Erection problems are common in adult men. In fact, almost all men experience occasional difficulty getting or maintaining an erection. In many cases, it is a temporary condition that will go away with little or no treatment. However, in other cases, it can be an ongoing problem that can damage a man’s self-esteem and harm his relationship with his partner. Many factors are involved in the problem, and now, a new study has found that men who regularly use strong pain killers are prone to have erectile dysfunction. Researchers affiliated with the Kaiser Permanante Center for Health Research at Oregon Health & Science University (Portland Oregon) published their findings on May 15 in the journal Spine.
The study authors noted that men with chronic pain may experience erectile dysfunction related to depression, smoking, age, or opioid-related hypogonadism (narcotic-related decrease in testicular function). They explained that the prevalence of this problem in back pain populations and the relative importance of several risk factors are unknown. Therefore, they designed a study that examined associations between use of medication for erectile dysfunction or testosterone replacement and use of opioid (narcotic) therapy, patient age, depression, and smoking status.
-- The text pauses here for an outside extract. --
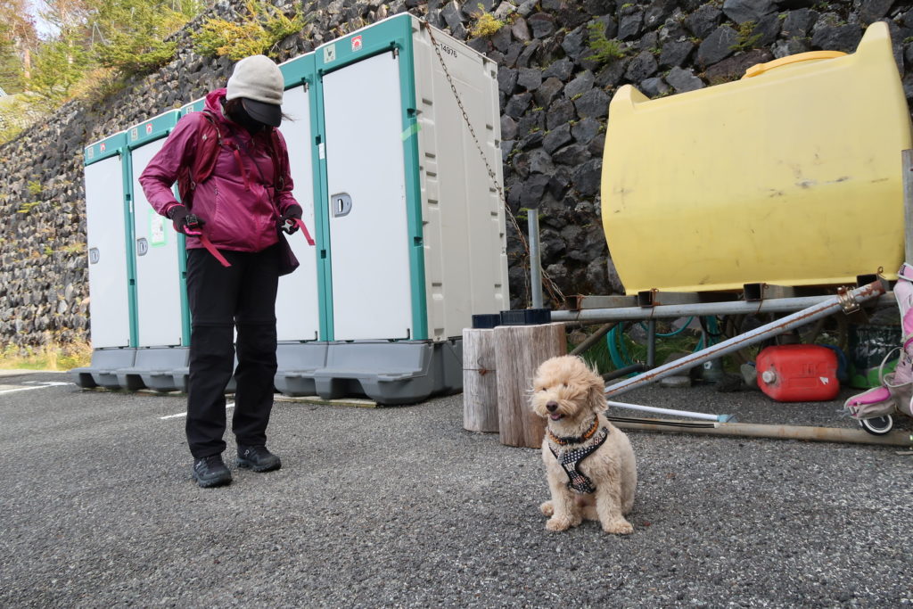 駐車場まで戻って、来る時にチラッと見かけた「簡易トイレ」を目指すことにします。

The researchers examined electronic pharmacy and medical records for males with back pain in a large health maintenance organization (HMO) during 2004. Relevant prescriptions were considered for 6 months before and after the index visit. The investigators found 11,327 males with a diagnosis of back pain. Males who received medications for erectile dysfunction or testosterone replacement (909 men) were significantly older than those who did not and had greater comorbidity (other health problems), depression, smoking, and use of sedative-hypnotics (i.e., tranquilizers, antidepressants, and sleeping pills). The long-term use of opioids was associated with greater use of medications for erectile dysfunction or testosterone replacement compared with no opioid use (1.45-fold increased risk. Age, comorbidity, depression, and use of sedative-hypnotics were also independently associated with the use of medications for erectile dysfunction or testosterone replacement. Patients prescribed daily opioid doses of 120 mg of morphine-equivalents or more had greater use of medication for erectile dysfunction or testosterone replacement than patients without opioid use (1.58-fold increased risk), even with adjustment for the duration of opioid therapy.
The researchers concluded that dose and duration of opioid use, as well as age, comorbidity, depression, and use of sedative-hypnotics, were associated with evidence of erectile dysfunction. They noted that their findings may be important in the process of decision making for the long-term use of opioids. They explained that patients need to be aware that, although these medications may be effective for short-term pain relief, they may not be effective in the long-term for treating chronic pain. Instead of relying on medications, the researchers believe that doctors should encourage alternative treatments for pain relief because there is growing evidence that some of the more effective treatments for persistent pain are rigorously designed exercise programs along with cognitive behavioral therapy.